Roads were just as important they ever were.


One day, Aishah Dewa, Professor Ram Dindi and Mark Gutten as their assistant, had been on a little jaunt.

Aishah and Ram wanted to set up bug traps out to the little desert to examine the variation of bugs in the ecosystems in between. Ram had run Aishah’s bugs through his genetic scanner, and they had found some interesting anomalies, so they wanted to collect more. Thus, they planned to drop a trap approximately every 5 klicks.

They had taken a couple of small tents and equipment if it took more than a day to get to the desert and back. Things went fine for the first 40 klicks, while they traversed the valley, until they got to section where Gavin had indicated, was the best place to cross over to get out of the valley to the south-west.
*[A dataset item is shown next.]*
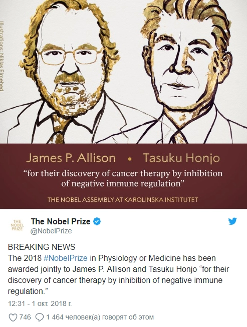 Премия присуждена Джеймсу Эллисону и Тасуку Хондзё за исследования в области терапии рака.

The mountain range on the south to the eastern end of the valley climbed up several thousand metres and wasn’t an easy country to traverse. The lower mountain range on the western side was. The pass on Gavin’s map was near his second mine site.

The team followed the map and started climbing up through the pass. The hills rose up either side of them to 200m above the wide gully they were traversing. They soon found out that, while it was probably the best way to get out of the valley, Gavin hadn’t mentioned that, anything wider than one foot after the other, was a problem.

The twisting creek bed got them 5 klicks into the pass, up and over the smaller foothills and up to about a klick above sea level. However, when they attempted the last part of the rise, the serious of small cliffs and large boulders ended up being too much for the poor linger.

If they hadn’t been towing a platform, they might have made it over the pass, but the linger was seriously hampered. A loaded down platform wasn’t designed to be lifted any more than 2m off the ground with the local gravity.

The fact that Kyle still hadn’t fixed the network interference issues that plagued the minders, also worked against them. The small detail that the hills were full of iron also created reception problems. They couldn’t call for help, all they got was static.

Mark had gotten the platform stuck. He had tried to go around a series of boulders and jammed the platform between them. Then they couldn’t get the platform unhitched from the linger. Because they couldn’t get the lingers nose low enough, and the platform was jammed at a bad angle, and the hook couldn’t release properly. They were in a right pickle.